Born in Southwark, London, 57 year-old Starmer studied at Leeds University and then St Edmund Hall, Oxford, graduated in 1986 as a Bachelor of Civil Law and became a barrister in 1987. In November 2008 he became Head of the Crown Prosecution Service and Director of Public Prosecutions, leaving in November 2013.

In December 2014 Sir Keir was selected to be the Labour Party representative for the safe seat of Holborn and St Pancras for the 2015 election, going on to win with a majority of more than 17,000.

After the Conservative’s gaining a surprise outright majority at the same election, leader Ed Milliband resigned as Labour leader. After Jeremy Corbyn’s victory in the leadership contest, Starmer was appointed Shadow Minister of State for Immigration. He resigned from this post in 2016 in protest at Jeremy Corbyn’s leadership of the party.

Oridinarily that would have ensured a lengthy spell on the back benches, but following Jeremy Corbyn’s re-election as Leader of the Labour Party and Britain’s decision to vote to leave the European Union in the 2016 referendum, Sir Keir became the Shadow Brexit Secretary.

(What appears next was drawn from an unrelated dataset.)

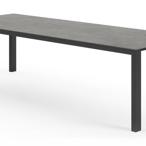 L’armature de la table est en aluminium inoxydable, un matériau robuste mais léger, qui est facile à déplacer. La surface présente une finition lisse, de sorte qu’elle n’attire pas la saleté et est facile à entretenir. Le revêtement poudré garantit la résistance aux UV et aux intempéries de votre meuble.

He was to stay in this post until after the 2019 general election which saw Boris Johnson swept back to power with a majority of 80 seats thus forcing Jeremy Corbyn to finally call it a day, knowing the game was up.

Sir Keir has a lot of internal party politics to firstly sort out. The Labour Party’s reputation was heavily damaged through the Corbyn years, with multiple claims of antisemitism throughout the party membership and through the extra grass roots support of Momentum. This has left a bitter taste with the electorate more broadly and will take a while for them to build trust up again.

Apart from this, what does Sir Keir stand for?

He describes himself as ‘soft left,’ however given that the grass roots of the Labour Party has fundamentally changed since the days of Tony Blair, he has had to swing further to the left to win the leadership election. Here is a snapshot of his pledges:

  • Increase top rate of income tax by 5%.
  • Reverse the corporation tax cuts introduced by the Conservatives.
  • Abolish Universal Credit.
  • Shift towards preventative healthcare.
  • Abolish student tuition fees.
  • Invest in lifelong learning.
  • Put Green New Deal at heart of all policy.
  • A clean air act and demand international action on climate rights.
  • Introduce a Prevention of Military Intervention Act.
  • Renationalise: Rail, Mail, Energy and Water.
  • Give full voting rights to EU citizens and defend freedom of movement.
  • Immigration system based on compassion and dignity.
  • Repeal the Trade Union Act.
  • Introduce a federal system to devolve powers.
  • Abolish the House of Lords and replace it with an elected chamber of regions and nations.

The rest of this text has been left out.